◆ THE PROBLEM
Exact copy, pictures excluded: write out every line below.

◆ DATA
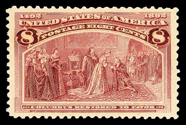 1893, 8¢ Columbian (Scott 236), pure, unblemished condition, o.g., never hinged, Very Fine to Extremely Fine, with 2017 P.S.E. certificate graded VF-XF 85J. SMQ VF-XF 85J; $300. (Image)
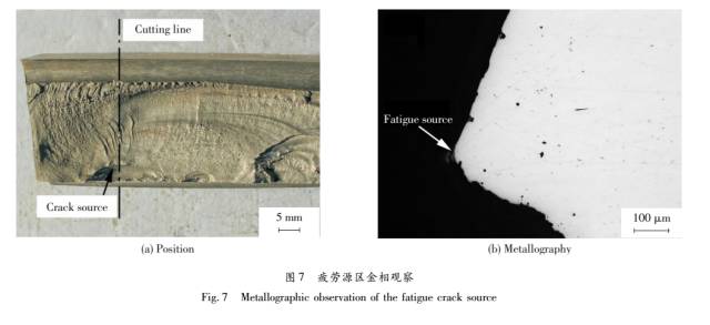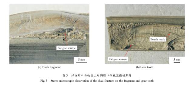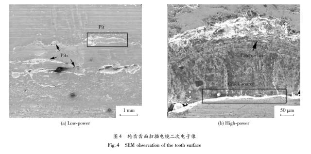 根据断口微观观察结果,疲劳裂纹并未直接在齿面萌生,而是萌生于剥落坑的底部。这说明齿面上先产生了剥落坑,剥落坑的产生导致齿面几何形状发生显著变化导致在剥落坑底部产生应力集中,在疲劳源区的并未发现夹杂等缺陷,这说明应力集中是疲劳裂纹萌生的主要原因同时也说明剥落坑在时间序列上早于疲劳裂纹萌生。
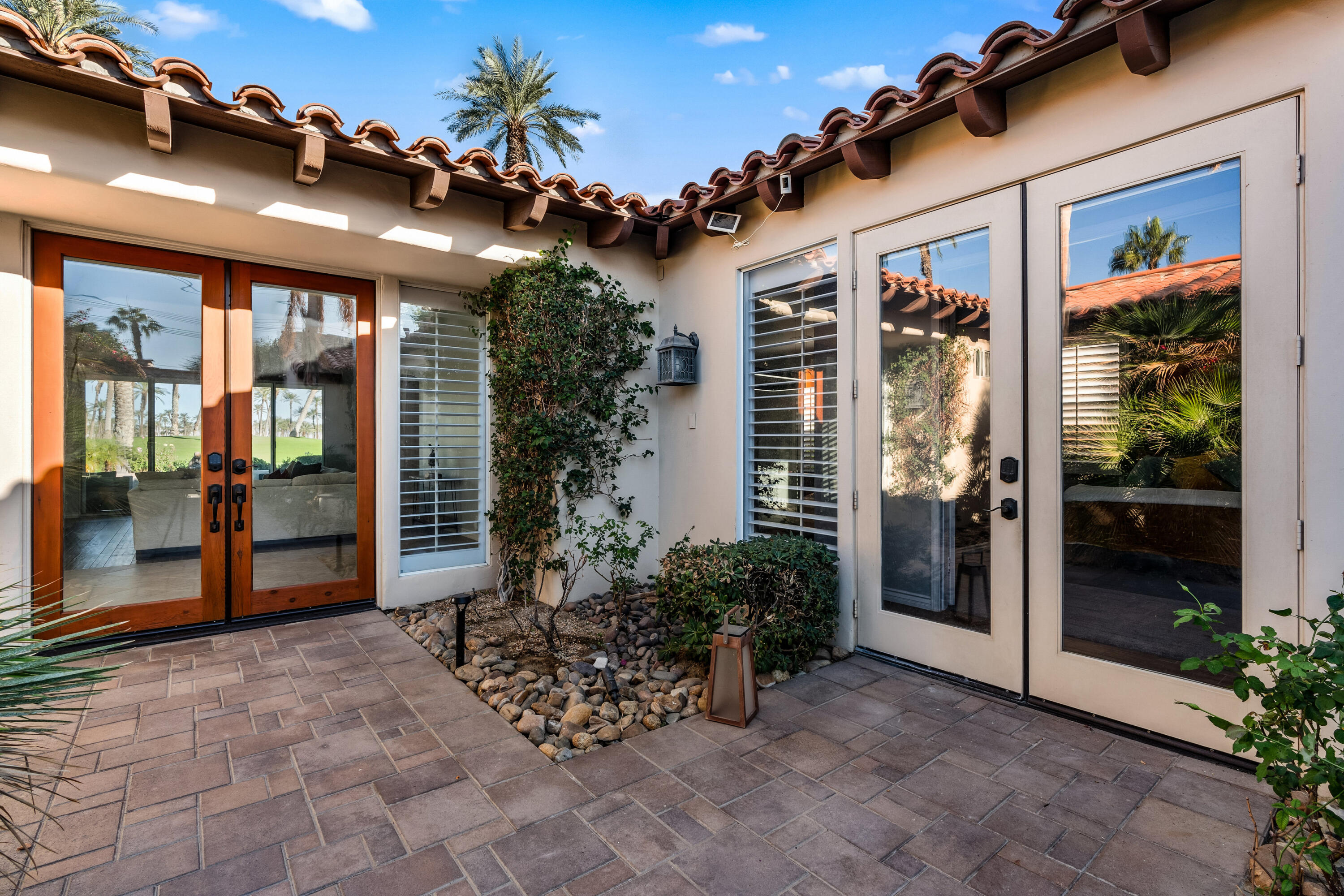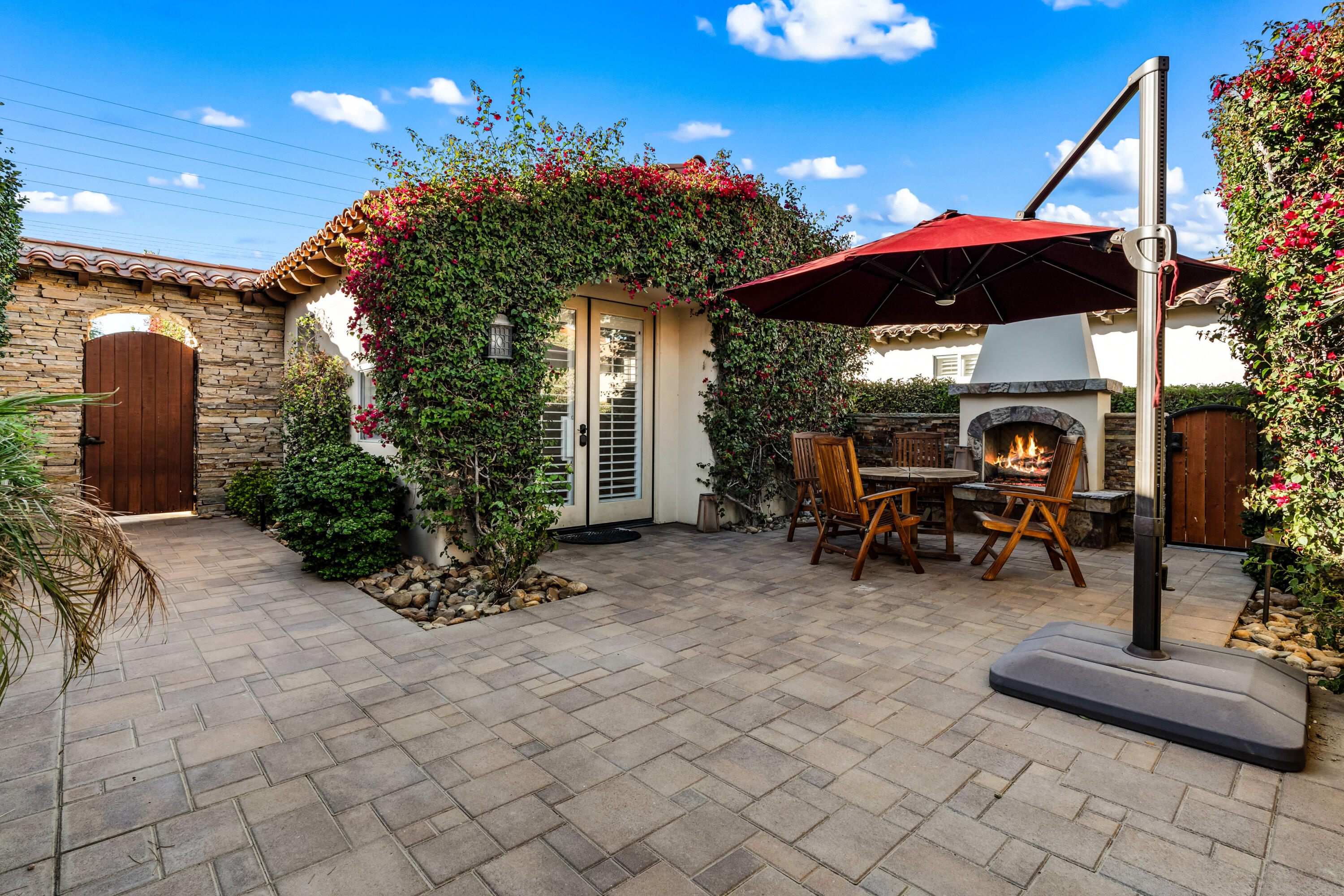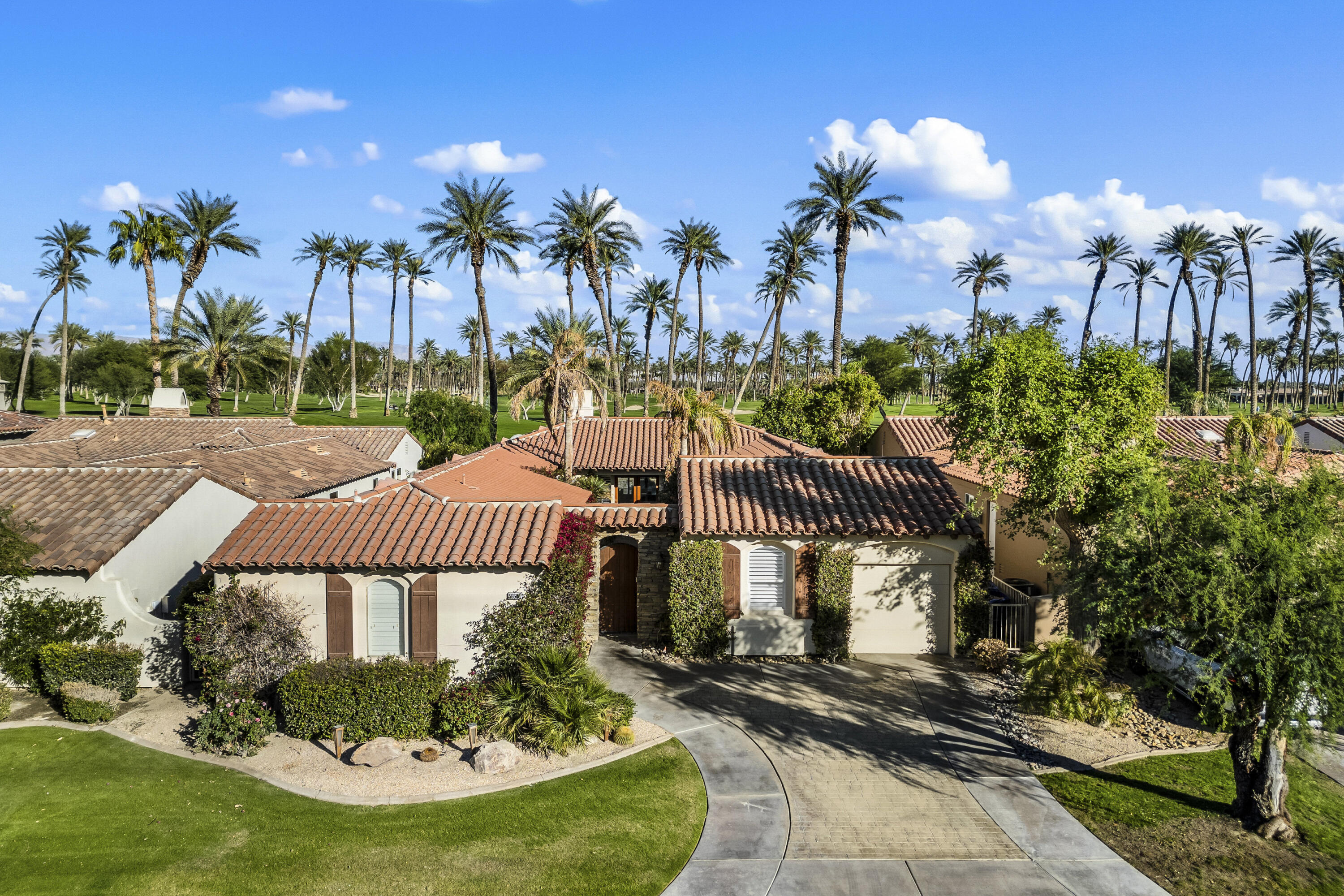 Set on the 10th fairway of the Fred Couples-designed Palms Golf Course, this Mediterranean-inspired masterpiece offers over 3,100 sq. ft. of luxurious living space. With 4 bedrooms and 3.5 baths, the main home includes 3 bedrooms (with an office that can double as a 3rd bedroom), while the detached casita provides a private 4th bedroom--ideal for guests. A private gated courtyard with an outdoor fireplace and fountain welcomes you to this stunning home. Dual glass doors open to reveal breathtaking views of the fairway, framed by towering palms and offering spectacular sunrises and sunsets. Inside, custom wood tile inlay flooring, a dramatic stone fireplace, and high-end finishes create an inviting and sophisticated atmosphere. The expansive chef's kitchen features two granite islands, Jenn Air appliances, and ample storage, perfect for entertaining. The master suite, located for privacy, offers a luxurious bath with a custom walk-in shower, spa tub, and designer finishes. Two additional guest rooms provide comfort and seclusion. The outdoor space is an entertainer's dream, complete with a built-in BBQ, pool, heated spa, surround sound, and sweeping golf course views. Located in the renowned Palms Golf Club, known for its exceptional value and no tee time policy, with low HOA fees and access to golf, tennis, dining, and outdoor activities.Interested in this Listing?

◆ OUTPUT FOR THIS TASK
 1893, 8¢ Columbian (Scott 236), pure, unblemished condition, o.g., never hinged, Very Fine to Extremely Fine, with 2017 P.S.E. certificate graded VF-XF 85J. SMQ VF-XF 85J; $300. (Image)
 根据断口微观观察结果,疲劳裂纹并未直接在齿面萌生,而是萌生于剥落坑的底部。这说明齿面上先产生了剥落坑,剥落坑的产生导致齿面几何形状发生显著变化导致在剥落坑底部产生应力集中,在疲劳源区的并未发现夹杂等缺陷,这说明应力集中是疲劳裂纹萌生的主要原因同时也说明剥落坑在时间序列上早于疲劳裂纹萌生。
 Set on the 10th fairway of the Fred Couples-designed Palms Golf Course, this Mediterranean-inspired masterpiece offers over 3,100 sq. ft. of luxurious living space. With 4 bedrooms and 3.5 baths, the main home includes 3 bedrooms (with an office that can double as a 3rd bedroom), while the detached casita provides a private 4th bedroom--ideal for guests. A private gated courtyard with an outdoor fireplace and fountain welcomes you to this stunning home. Dual glass doors open to reveal breathtaking views of the fairway, framed by towering palms and offering spectacular sunrises and sunsets. Inside, custom wood tile inlay flooring, a dramatic stone fireplace, and high-end finishes create an inviting and sophisticated atmosphere. The expansive chef's kitchen features two granite islands, Jenn Air appliances, and ample storage, perfect for entertaining. The master suite, located for privacy, offers a luxurious bath with a custom walk-in shower, spa tub, and designer finishes. Two additional guest rooms provide comfort and seclusion. The outdoor space is an entertainer's dream, complete with a built-in BBQ, pool, heated spa, surround sound, and sweeping golf course views. Located in the renowned Palms Golf Club, known for its exceptional value and no tee time policy, with low HOA fees and access to golf, tennis, dining, and outdoor activities.Interested in this Listing?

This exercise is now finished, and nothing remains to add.